Print verbatim the lines from the beginning of the entries through the line containing "Traktor, Bagger, Rennauto: In", both ends included. Pictures should be left out.

**EXTRACTED DATA:**
************

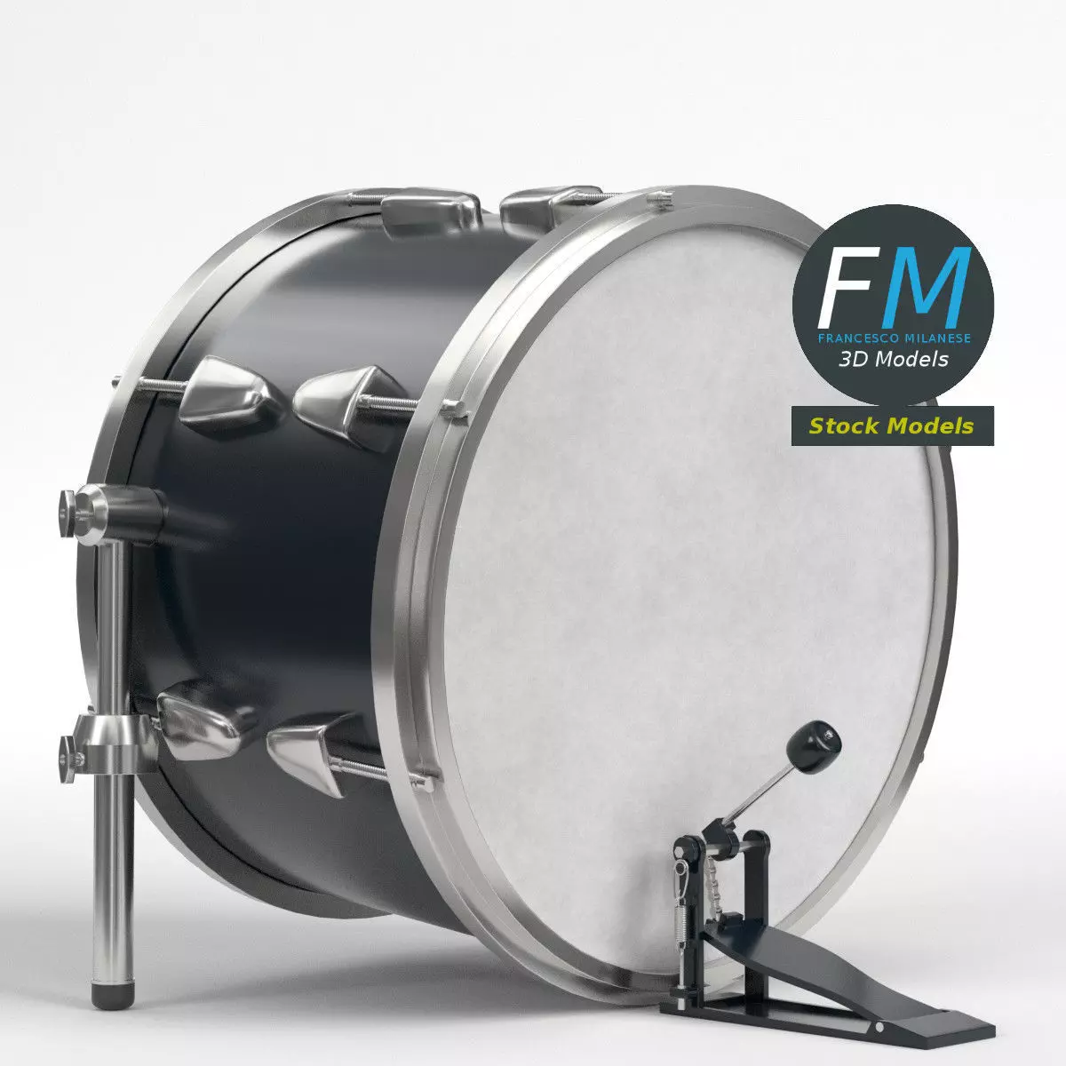 Bass drum with pedal 3D Model. 2 individual objects (bass drum, pedal) sharing the same non overlapping UV Layout map, Material and PBR Textures set. Production-ready 3D Model, with PBR materials, textures, non overlapping UV Layout map provided in the package.Quads only geometries (no tris/ngons).Easily customizable: UV unwrapped geometries; UV Layout maps provided in the package as png with alpha images.Each Object, Material or Texture provided in the package has a unique, meaningful name.Made in Blender 3.3 with Cycles Principled BSDF PBR shader with textures included (Eevee compatible), then exported to OBJ and FBX (with embedded PBR Textures); materials and textures made in Substance Painter, exported for PBR, Cycles, V-Ray, Unity, Unreal.PROMO IMAGES: the first image has been rendered in Cycles for Blender; in particular, you can find 11+ promo images in this description:
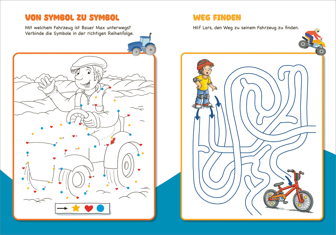 Traktor, Bagger, Rennauto: In diesem Mal- und Rätselheft dreht sich alles um Fahrzeuge. Da verbinden sich geheimnisvolle Symbole zu einem Polizeiauto und auf der Baustelle bei Kipplaster und Bagger haben sich fünf Fehler versteckt. Wie kann man Schritt für Schritt einen Hubschrauber zeichnen? Und wie gehören die Bilder des Autos in die richtige Reihenfolge? Mit diesem Mal- und Rätselheft zum Lieblingsthema Fahrzeuge ist Spaß und Abwechslung für Kinder ab 3 Jahren garantiert. Ganz nebenbei wird mit den vielen bunten Rätseln auch Feinmotorik und Konzentration geübt.
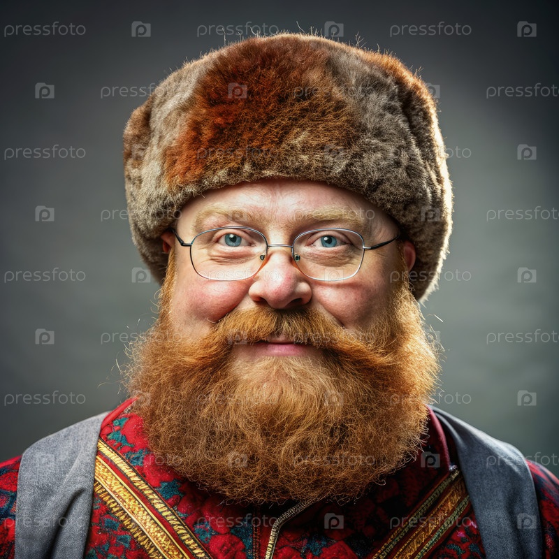 Улыбающийся мужчина с красной бородой, носящий меховую шляпу
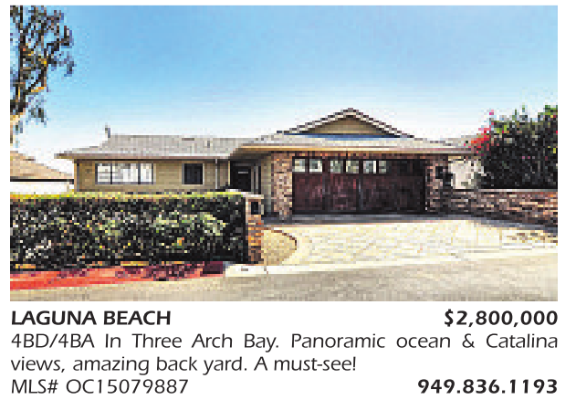 LAGUNA BEACH $2,800,000 4BD/4BA In Three Arch Bay. Panoramic ocean & Catalina views, amazing back yard. A must-see! MLS# OC15079887 949.836.1193
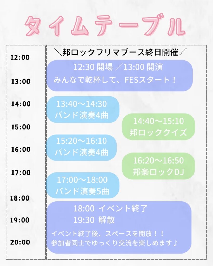 LoveROCKで出会ったメンバーでコピーバンドライブを行います。楽器未経験や初心者の方が1年間練習した成果を披露しますので、是非見に来てほしいです。また、ライブの間や会場内でクイズ企画やフリマブースなど、退屈な時間や1人の時間が出来ないような企画やブースを計画中です。1人で来ても、その場はもちろん、帰り道や明日からのライブも一緒に楽しむことができる最高の邦ロック好き仲間に出会えるフェスにしたいと思います!
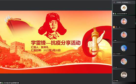 学生会通过腾讯会议举行学雷锋系列活动“疫情防控志愿者事迹分享会”,2021级学生曲冠楠、2020级学生张泽凡、2019级学生白奥文三位志愿者代表分别讲述抗疫经历,身体力行传承和弘扬雷锋精神。
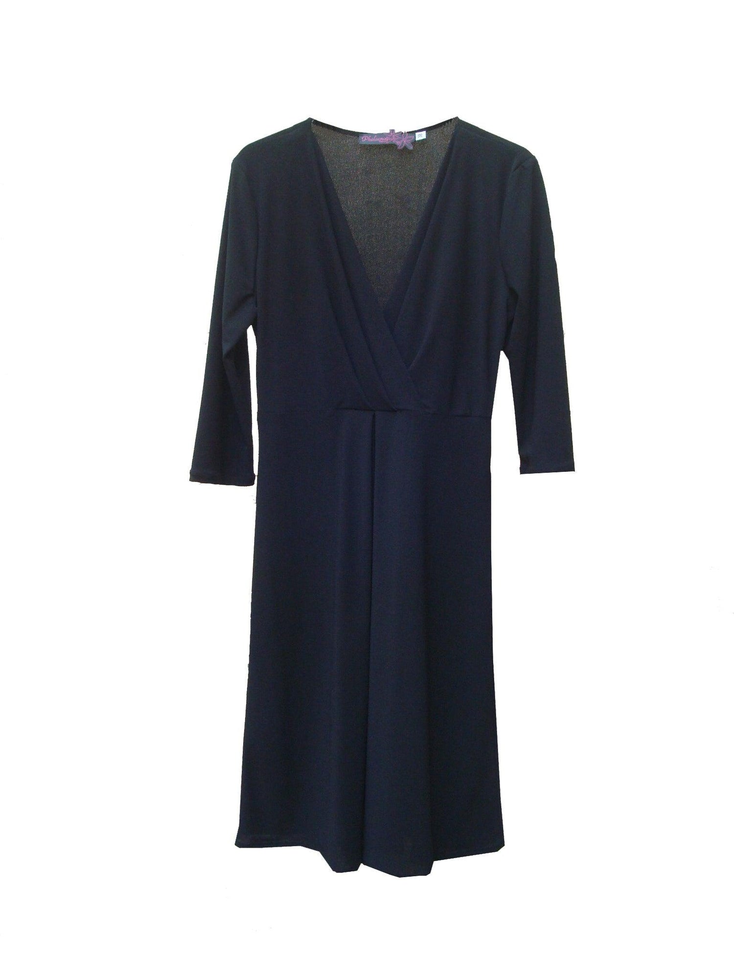 Fall for this pretty crepe mesh dress with 3/4 sleeves. Its stretch material is so comfortable. A pretty crossover neckline , its flared skirt with hollow pleats in the middle hides small curves! Knee length.

************

**ANSWER SECTION:**
 Bass drum with pedal 3D Model. 2 individual objects (bass drum, pedal) sharing the same non overlapping UV Layout map, Material and PBR Textures set. Production-ready 3D Model, with PBR materials, textures, non overlapping UV Layout map provided in the package.Quads only geometries (no tris/ngons).Easily customizable: UV unwrapped geometries; UV Layout maps provided in the package as png with alpha images.Each Object, Material or Texture provided in the package has a unique, meaningful name.Made in Blender 3.3 with Cycles Principled BSDF PBR shader with textures included (Eevee compatible), then exported to OBJ and FBX (with embedded PBR Textures); materials and textures made in Substance Painter, exported for PBR, Cycles, V-Ray, Unity, Unreal.PROMO IMAGES: the first image has been rendered in Cycles for Blender; in particular, you can find 11+ promo images in this description:
 Traktor, Bagger, Rennauto: In diesem Mal- und Rätselheft dreht sich alles um Fahrzeuge. Da verbinden sich geheimnisvolle Symbole zu einem Polizeiauto und auf der Baustelle bei Kipplaster und Bagger haben sich fünf Fehler versteckt. Wie kann man Schritt für Schritt einen Hubschrauber zeichnen? Und wie gehören die Bilder des Autos in die richtige Reihenfolge? Mit diesem Mal- und Rätselheft zum Lieblingsthema Fahrzeuge ist Spaß und Abwechslung für Kinder ab 3 Jahren garantiert. Ganz nebenbei wird mit den vielen bunten Rätseln auch Feinmotorik und Konzentration geübt.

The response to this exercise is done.